*Task item*. Go to the line below that contains "距離計とコマ図表示をこのアプ". From there to the end of the records, reproduce each line exactly, except the pictures.

*Exercise input*.
——————

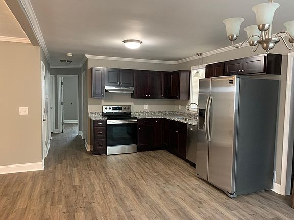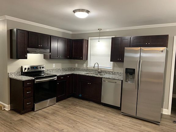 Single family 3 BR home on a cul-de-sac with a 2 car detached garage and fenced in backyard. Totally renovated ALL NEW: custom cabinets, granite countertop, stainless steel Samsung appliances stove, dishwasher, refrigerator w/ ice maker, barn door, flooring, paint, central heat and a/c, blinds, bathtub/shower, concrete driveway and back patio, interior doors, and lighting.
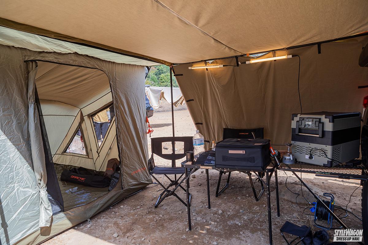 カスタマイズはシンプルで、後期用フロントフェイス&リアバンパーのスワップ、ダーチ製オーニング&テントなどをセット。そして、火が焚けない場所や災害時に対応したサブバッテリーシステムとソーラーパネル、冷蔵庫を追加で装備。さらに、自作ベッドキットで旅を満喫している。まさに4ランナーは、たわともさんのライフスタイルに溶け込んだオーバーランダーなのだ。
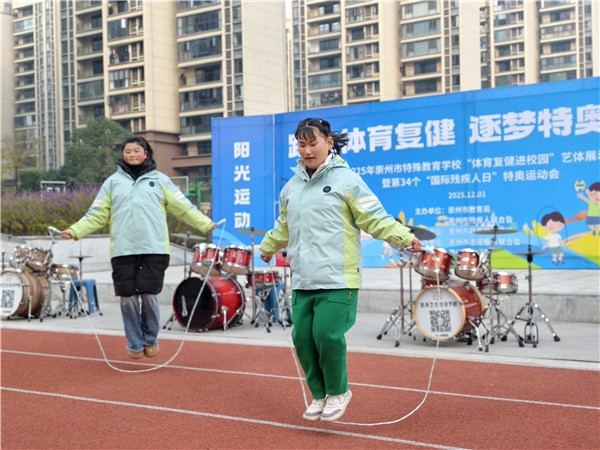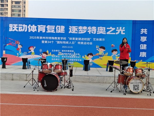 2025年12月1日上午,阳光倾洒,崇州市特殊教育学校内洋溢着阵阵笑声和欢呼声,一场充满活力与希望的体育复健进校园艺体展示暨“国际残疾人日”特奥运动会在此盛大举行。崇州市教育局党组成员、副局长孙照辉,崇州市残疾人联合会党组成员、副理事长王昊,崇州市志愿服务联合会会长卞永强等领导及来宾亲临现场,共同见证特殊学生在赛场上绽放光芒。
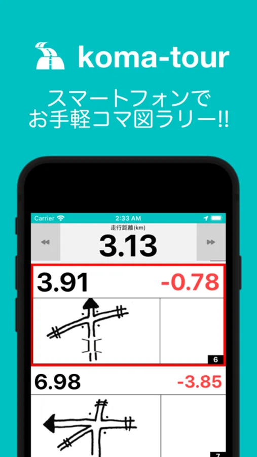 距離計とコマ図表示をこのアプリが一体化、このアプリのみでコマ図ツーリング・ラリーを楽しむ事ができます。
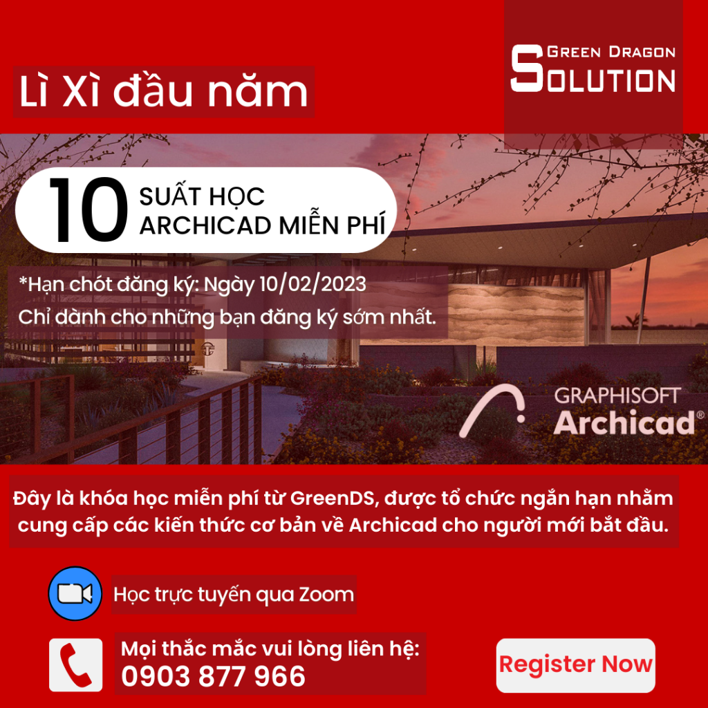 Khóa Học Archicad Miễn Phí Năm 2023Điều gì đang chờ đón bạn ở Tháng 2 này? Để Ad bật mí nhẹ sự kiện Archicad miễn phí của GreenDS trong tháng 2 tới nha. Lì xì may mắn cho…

——————

*Written solution*.
 距離計とコマ図表示をこのアプリが一体化、このアプリのみでコマ図ツーリング・ラリーを楽しむ事ができます。
 Khóa Học Archicad Miễn Phí Năm 2023Điều gì đang chờ đón bạn ở Tháng 2 này? Để Ad bật mí nhẹ sự kiện Archicad miễn phí của GreenDS trong tháng 2 tới nha. Lì xì may mắn cho…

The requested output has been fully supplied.